2021 KFB Scholarship Awards: One for the Record BookPosted on Oct 22, 2021
County and state scholarship amounts reached an all-time high
While education has looked very different over the past year from its traditional classroom settings, the financial needs of students, especially those going on to higher education, has likely never been greater. Kentucky Farm Bureau (KFB) has recognized those needs for decades by establishing scholarship programs at the state and county levels.
In 2021, the total amount of state and county scholarship dollars given reached an all-time high of $673,050 through 513 scholarships which are awarded to recipients who displayed the greatest levels of academic excellence, involvement in extracurricular activities, leadership abilities, and financial need.
KFB President Mark Haney said reaching such a milestone is a credit to the organization’s volunteer members across the state.
“Having reached such a level of awarded scholarships is a true testament to the hard work and commitment our members have for these students, their communities, and to KFB,” he said.
Haney added that helping to support students is one of the single most important things the organization does.
“A quality education is one of the most valuable assets a person will acquire in their lifetime and being able to help our students obtain their educational goals is very important to our volunteer members,” he said. “I would like to thank all those county members and leaders who work so hard each year to make this program one of the best in the country.”
Haney pointed out that often, the scholarships play an integral role in helping a student gain the higher education they desire ultimately having an effect on their lives for years to come. Mary Raper of Floyd County is a prime example of that. She received a four-year scholarship from Floyd County Farm Bureau in 1998 and is now a special education teacher in the county.
“It was very helpful because everything's expensive in college and my brother had also started college the year after me, so we had two in the family going to college at the same time so, it meant a lot to us to get the scholarship,” she said.
Raper also pointed out the benefits such scholarships have in the communities in which the students live.
“After college I stayed in my county and found a job teaching and I think the more scholarships we have available, the more students who will be graduating from college will also stay in our community,” she said.
Raper even served as a guest speaker at a Floyd County scholarship banquet to show her appreciation for the award and to encourage others to get their higher education.
Rick Messingschlager, President of the Kenton County Farm Bureau, said their scholarship program is one of the top things they do because it gives these students a sense of community, as well as helps in paying for their college tuition.
“These young people are our future agriculture, county, and state leaders and it means a lot to us, as an organization, to support them,” he said. “It also makes them feel a part of Farm Bureau and learn about those leaders who were part of Farm Bureau and the community.”
Kenton County has named three of the four scholarships they award in memory of past leaders in their area, which helps to carry on those legacies, noted Messingschlager.
“I can't say enough about those gentlemen that the scholarships have been named for.
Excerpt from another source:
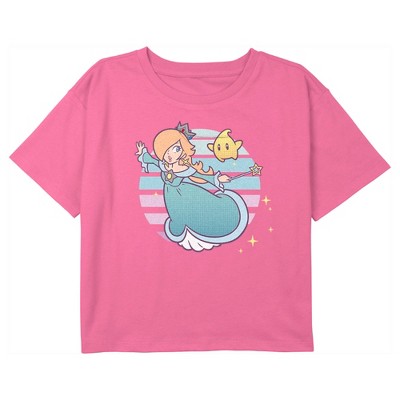 Girl's Nintendo Super Mario Rosalina And Luma Striped Background Portrait T-Shirt

William Durr was an agent and a leader that helped Farm Bureau to grow in this county; Warren Van Horn was a great agriculture leader in the county; and Jim Kannady was a past president, and also very well known in our county,” he said. “These past leaders helped set the stage for the program we have today, which we see as not only an investment in our young people but an investment in our community.”
Casey Chittenden, President of the Livingston County Farm Bureau said the scholarship program is something their board members have always taken great pride in.
“We’ve just always had a board that's very passionate about our scholarship program and have always wanted to give as many dollars as we could, which we felt like has been a pretty good amount for no bigger a county than what we are,” he said.
Chittenden added that he has heard from many of the scholarship recipients over the years who are always very appreciative of what Farm Bureau does for students.
“Everybody has always been very appreciative, and I think, for the most part, our scholarship winners generally go on to get their four-year course of studies completed,” he said. “So, we feel like that we have done a lot of good for our students, as well as our county and the organization, through the scholarship program.”